Li Bai, A T’ang Dynasty Poet, Finds Himself
at Denali National Park and Preserve



This small gathering of poems imaging the Chinese T’ang Dynasty poet, Li Bai, wandering Denali National Park is based on “Peach Blossom Spring” a poem by his contemporary, Wang Wei, where a fisherman floating on a stream comes to a village that “lived outside the world” in peace and harmony. He became homesick and left the village thinking he could find his way back. He never did. We never will. In these poems, Li Bai follows a pass he thought would take him to a stream that would take him home only to find himself at Broad Pass and then Denali.

— Tom Sexton, 2014




 

Li Bai Crosses Broad Pass

When the narrow pass he thought led
to a stream that would take him to
the Yangzte River and a waiting friend
brought him to this wind-swept place,
he wondered if he were awake or dreaming.
Snow-covered peaks were all around
but lower down no smoke rose from
the huts of recluse poets who might
invite him to spend the night drinking
wine and chanting poems to the moon.



Li Bai at Wonder Lake

He gazed at Denali beyond the lake
until he lost all sense of time or place
before he knelt down to examine new
green shoots at its edge. “What do you think
of the mountain?” the man at his side asked.
He had climbed it in both summer and winter
and thought Li Bai was another Chinese tourist
and not a Banished Immortal, however confused.
“Honor it with your absence,” Li Bai replied.

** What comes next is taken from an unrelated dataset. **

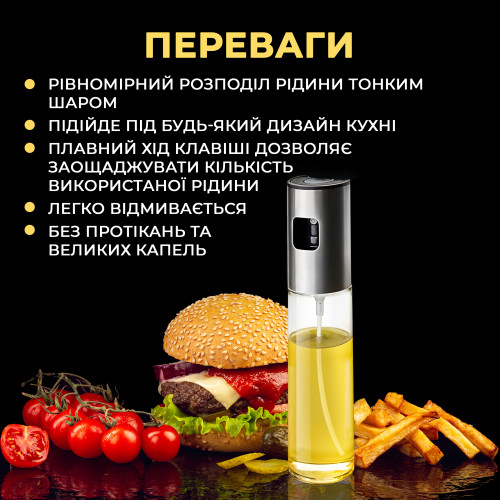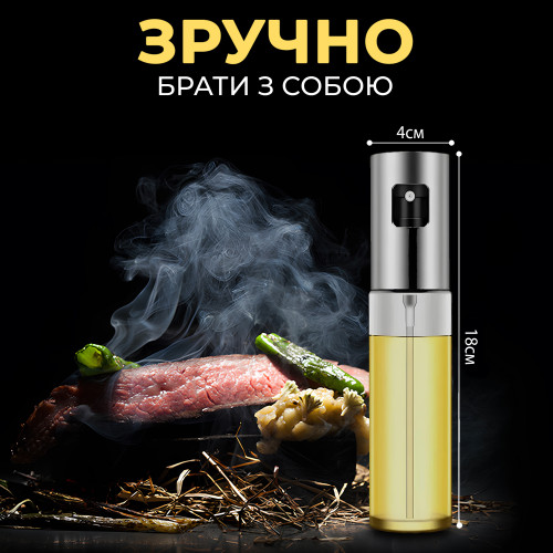 Распылитель для масла соусов уксуса. Это именно то, что позволит Вам вести здоровый образ жизни! С данным распылителем вы наконец-то сможете равномерно, использую минимальное кол-во жира готовить салаты, готовить рыбу, мясное и овощи. Незаменимая вещь для приготовления блинов и оладьев, подготовка противней к выпечке, и прочее. Распылитель имеет специальную помпу, благодаря которой, растительные жиры распыляются а не капают одной каплей. Подходит так же для уксуса, соевого соуса, лимонного сока и прочих заправок. Данный девайс помогает дозировать количество масла для приготовления пищи. Ваша пища всегда будет в меру жирной, а нанесение равномерным слоем на поверхность сковороды и противня исключит пригорание любимых продуктов. Такой распылитель идеально подходит для заправки порционных салатов и блюд, во время жарки блинов, выпекания в духовом шкафу. Емкость выполнена из стекла, имеет стильный и эргономичный дизайн. Широко используется для приготовления салатов, барбекю, выпечки, жарки.

Li Bai Watches the Tundra Fade at Dusk

He was walking along a gravel bench
above a stream when he looked up
at the tundra that was just beginning
to fade reminding him of the rouge
on a beautiful woman’s cheeks.
This was the time of day he loved
when the moon was beginning to rise.
He was no longer young, but once
he was a bright flame fed by desire.




Li Bai on the Road to Kantishna

When would he find the stream
that would take him home even if
this is a dream? Sadness filled his cup.
He thought of his mistress, of peach
blossoms covering her garden path.
Yesterday he met a man wearing
the head of a wolf for a hat, a wolf
that reminded him of China’s wooly-
wolves. “I’m a recreational trapper,”
the man said. “It gets me out here
in the woods with all the critters.
My hat was once an alpha female.”




Li Bai and the Brown Bear

When he saw it ahead of him on the road,
he was amazed by its size, and he had seen bears
when he wandered Jade Dragon Snow Mountain.
When the bear turned its massive head
to look at him, Li Bai quickly composed a poem
in its honor, a poem about its generous
nature and courage. As he chanted, he bent
forward rolling his shoulders from side to side.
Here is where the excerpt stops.